# Anton: Chapter 3



## Huilunsoittaja (Apr 6, 2010)

5 minutes past 8, there was a knock on the door, in the typical signal which the young composers used to identify themselves coming in. In stepped Nikolai.
"There you are! You have been away for quite a while," Anton smiled, with a slight sneer.
"Indeed, I got caught up with what's going on. You were right, sir," turning to Sergei, "Something, namely someones, is expected this evening, and almost everyone here was on the look out for them. These visitors arrived yesterday, they're from St. Petersburg. They are... composers."
Everyone sat up in their chairs, and Anton stood up.
"Are they here already? Where are they?" he spoke excitedly and quickly.
"They came just 5 minutes ago, and are in the main crowd, being acclaimed by the number of enthusiasts they have."
"How many?"
"5. I believe there are 4, and 1 is their Patron."
"Did you meet them yet?"
"Oh, I tried so hard now but there was too much of a crowd. I doubt that they even know that we're--"

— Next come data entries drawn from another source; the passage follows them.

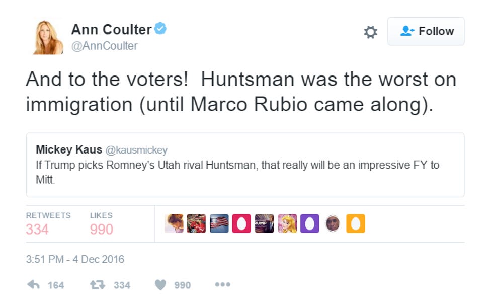 She was still sad on Sunday, responding to a rumor that former Utah Gov. Jon Huntsman may now be on Trump's list for secretary of State. She was also still retweeting Mickey Kaus:
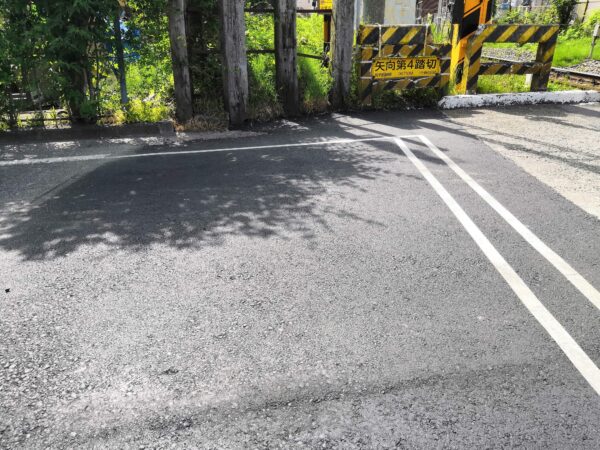 「近所の踏切の直前の舗装がボコボコの状態で、車輪付きの杖で母親が先頭に出かけたときに、舗装の陥没部分に車輪を取られ転倒した。車が並走していたらと思うとぞっとします。なんとかならないでしょうか?」とのメール。そして一緒に送られてきた写真が以下の通り。
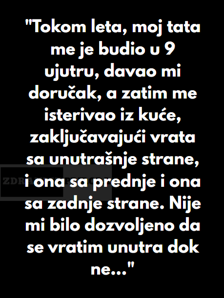 - Tek kasnije sam shvatio da je tata zapravo samo pokušavao da održi svoje svakodnevne rutine, koje nisu uključivale aktivno učestvovanje u mom životu. Iako mi je govorio da ne treba da provedem dan u kući, nikada nije postavio jasne granice, niti je objašnjavao zašto je važno da izađem napolje. Njegov način vođenja brige o meni bio je indirektan, i delovao je kao da je izgradnja distance bila deo njegove strategije.
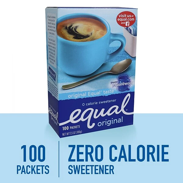 Add flavor, not calories, to your drinks by using these sugar-free sweetener packets. This box comes with 115 single-serving Equal Original sweetener packets to keep cafeterias, lobbies and break rooms stocked.
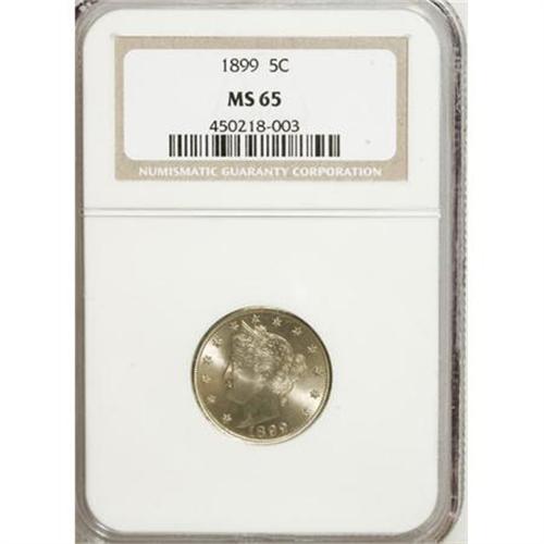 <B>1899 5C MS65 NGC.</B></I> Crisply defined in the centers with rich golden toning over most of the otherwise nickel-gray surfaces. Exquisitely preserved, though the ghost of a fingerprint is noted in the right obverse field. A lovely mid-date piece.<BR><BR><B>Coin Engraver:</B> Charles E. Barber<BR><BR><b>Shipping:</b> Coins & Currency (<a target="_blank" href="http://www.heritageauctions.com/common/shipping.php">view shipping information</a>)

A new, foreign knock came at the door.
"I will open the door," Anton walked around the chairs and tables and came to the door.

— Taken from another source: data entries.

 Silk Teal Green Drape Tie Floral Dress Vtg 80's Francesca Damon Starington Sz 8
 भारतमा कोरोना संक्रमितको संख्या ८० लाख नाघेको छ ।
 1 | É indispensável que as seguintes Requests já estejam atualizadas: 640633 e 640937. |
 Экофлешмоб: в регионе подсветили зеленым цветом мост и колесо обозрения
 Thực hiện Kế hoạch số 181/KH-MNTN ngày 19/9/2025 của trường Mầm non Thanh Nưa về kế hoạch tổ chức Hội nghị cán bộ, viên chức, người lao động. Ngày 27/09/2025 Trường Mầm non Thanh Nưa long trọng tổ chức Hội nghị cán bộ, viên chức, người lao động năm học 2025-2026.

Opening it, there stood 5 men. But they were not all foreign to him. He grinned.
"Dear Nikolai Andreyevich! How glad I am to see you here!" he cried.
An older man with glasses smiled and bowed.
"Dear Anton Stepanovich, I had heard that you were to be here this evening, with your circle, and I wanted to make acquaintance."
"Of course, please please come in!" and the 5 men were escorted in.
Anton's beaming eyes was contagious for all his young followers, who all began to whisper excitedly to each other. The only one not to smile was Sergei. Thus began the introductions.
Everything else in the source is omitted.